SOURCE MATERIAL:
------------------------------

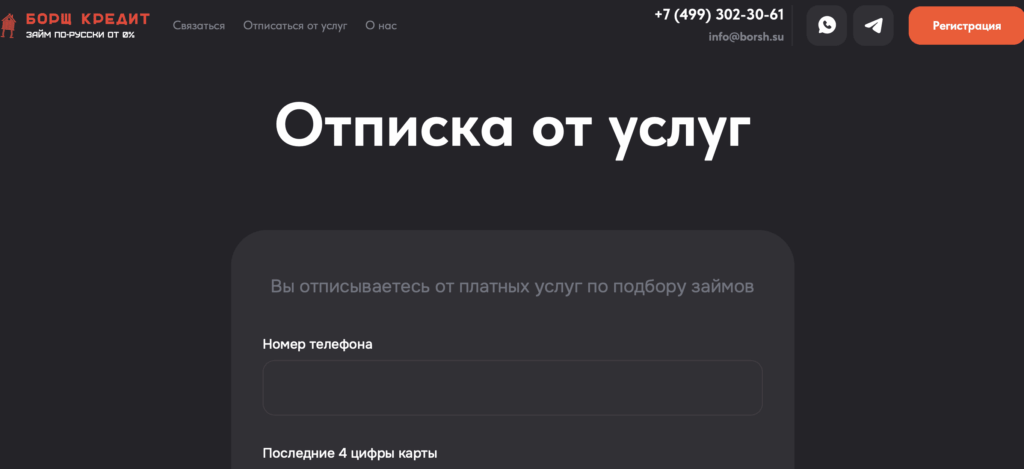 Форма отписки доступна на официальном сайте Борщ Кредит. Ссылка «Отписаться от услуг» размещена в верхней части сайта и видна сразу при открытии страницы. После перехода нужно заполнить данные и нажать кнопку «Найти и отписаться».
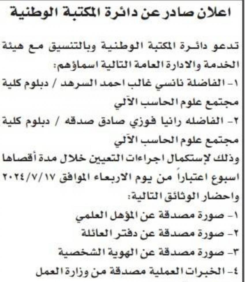 مدعوون للتعيين في مؤسسات حكومية (أسماء)
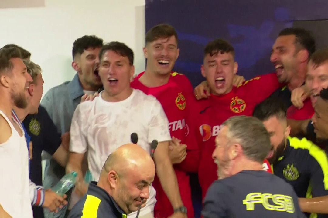 După 9 ani, FCSB e campioana României. Elias Charalambous, o parte importantă a succesului, a fost luat pe sus de jucători la final. Înainte de startul conferinței de presă a fost întrerupt de aceștia, iar campionii au declanșat fiesta.
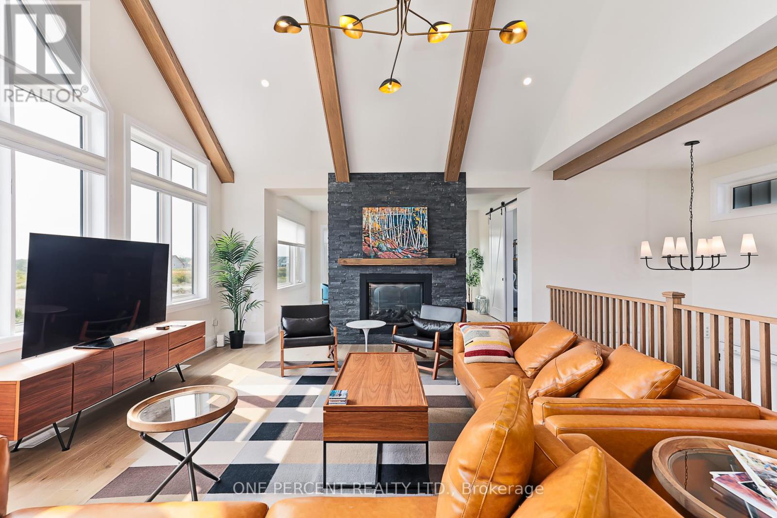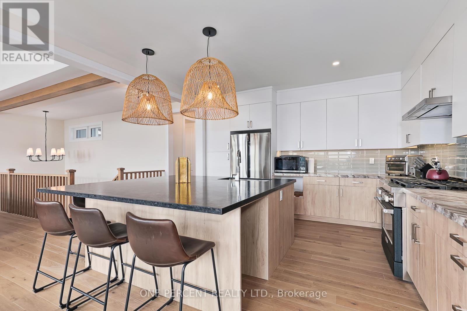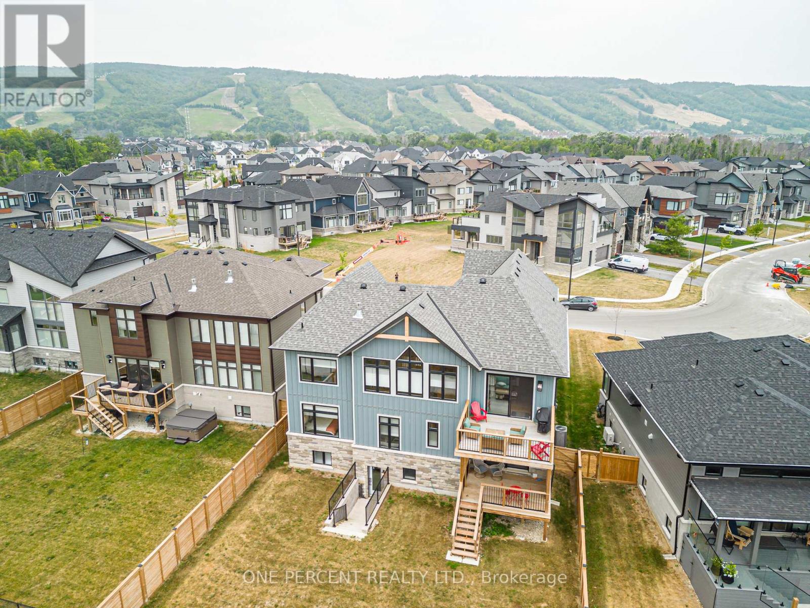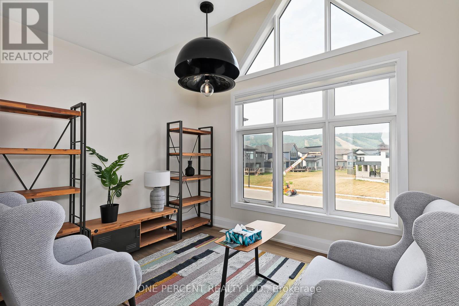 Welcome to 114 Cattail Crescent, a 4,558 sqft mountain house, boasting elegant architectural upgrades, unique stone, fibre cement, and wood grain siding, along with ornamental wood details. A 50-foot wide, side-facing garage creates an impressive street presence, with plenty of parking.This layout features a primary living space (1,883 sqft) on the second floor, additional primary living space on the first floor (1,548 sqft), plus a fully finished walkout basement (1,127sqft). The open second floor, with high ceilings and windows, offers impressive views and features a large deck, custom kitchen, servery, eating area, faux beam covered lodge room, formal dining room, and den, divided by a slate-clad floor-to-ceiling gas fireplace. The expansive owners suite includes cathedral ceilings, a private loggia, spacious walk-in closet, and a beautifully decorated ensuite with standalone tub and a large glass shower enclosure. The main level entrance leads to the main floor with a large bar/kitchen, a family room with a deck, backyard access and beautifully decorated rooms with custom light fixtures. There are also three good-sized bedrooms and two full bathrooms on this level. A separate side door and a garage entrance, leads to a spacious storage room and laundry room. The self-contained basement with glass door walkout, offers a large open space, wet bar, two bedrooms with egress windows, and a full bathroom.The house is beautifully located within a short walking distance to Blue Mountain Village and a complimentary shuttle to many amenities, including the private Blue Mountain Beach. This professionally decorated house with great street presence and exceptional floor plan includes all light fixtures and furniture. (id:4555)

------------------------------

WORK REQUIRED:
Leaving out the pictures, reproduce the whole listing above exactly.

RESULT OF THE TASK:
 Форма отписки доступна на официальном сайте Борщ Кредит. Ссылка «Отписаться от услуг» размещена в верхней части сайта и видна сразу при открытии страницы. После перехода нужно заполнить данные и нажать кнопку «Найти и отписаться».
 مدعوون للتعيين في مؤسسات حكومية (أسماء)
 După 9 ani, FCSB e campioana României. Elias Charalambous, o parte importantă a succesului, a fost luat pe sus de jucători la final. Înainte de startul conferinței de presă a fost întrerupt de aceștia, iar campionii au declanșat fiesta.
 Welcome to 114 Cattail Crescent, a 4,558 sqft mountain house, boasting elegant architectural upgrades, unique stone, fibre cement, and wood grain siding, along with ornamental wood details. A 50-foot wide, side-facing garage creates an impressive street presence, with plenty of parking.This layout features a primary living space (1,883 sqft) on the second floor, additional primary living space on the first floor (1,548 sqft), plus a fully finished walkout basement (1,127sqft). The open second floor, with high ceilings and windows, offers impressive views and features a large deck, custom kitchen, servery, eating area, faux beam covered lodge room, formal dining room, and den, divided by a slate-clad floor-to-ceiling gas fireplace. The expansive owners suite includes cathedral ceilings, a private loggia, spacious walk-in closet, and a beautifully decorated ensuite with standalone tub and a large glass shower enclosure. The main level entrance leads to the main floor with a large bar/kitchen, a family room with a deck, backyard access and beautifully decorated rooms with custom light fixtures. There are also three good-sized bedrooms and two full bathrooms on this level. A separate side door and a garage entrance, leads to a spacious storage room and laundry room. The self-contained basement with glass door walkout, offers a large open space, wet bar, two bedrooms with egress windows, and a full bathroom.The house is beautifully located within a short walking distance to Blue Mountain Village and a complimentary shuttle to many amenities, including the private Blue Mountain Beach. This professionally decorated house with great street presence and exceptional floor plan includes all light fixtures and furniture. (id:4555)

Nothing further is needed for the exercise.